# Background for house plant photos



## davholla (Apr 4, 2022)

I have some house plants that I want to photo some like the orchids below can be moved so I can isolate from the background.
However I also have some very confused Christmas Cactii which are still flowering by a window and if I move them then they stop flowering.
The window does not look great as back ground nor the net curtain - any other ideas. Ideally using something I can find in the house.

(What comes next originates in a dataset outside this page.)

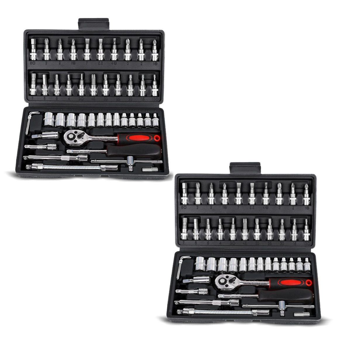 Sitzbank 2x Steckschlüsselsatz / Motorrad Ratschenkasten 46-teilig # Spar-Set
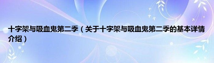 本文关于十字架与吸血鬼第二季的基本详情介绍就讲解完毕,希望对大家有所帮助。

Orchid_139Canon_22imagestack by davholla2002, on Flickr



Orchid_147Canon_22imagestack by davholla2002, on Flickr



Orchid_145Canon_22imagestack by davholla2002, on Flickr


----------



## weepete (Apr 4, 2022)

Just move them temporarily if it's a single shot. I did a cuple of flowers a few years ago and just improvised a background from an old black shirt and some tupperware.


----------



## K9Kirk (Apr 4, 2022)

You could buy some cheap, colored poster board and set it behind the plants to block the light and then you would have a nice, colored (hopefully complimenting) BG and you could always put some ight on them from the front and sides if you wished or even cover it with some type of textured cloth, that would be nice.


----------



## TJMcG (Apr 4, 2022)

When I lived in Minnesota I spent a lot of time at the Como Park (Marjorie McNeely) conservatory in St. Paul. I would bring a card covered in black felt to place behind certain flowers to get a good background. Be very mindful of the light...


----------



## jeffashman (Apr 6, 2022)

Nice set! Maybe needs some light, a diffused flash bounced off of the ceiling maybe? Worth experimenting with.


----------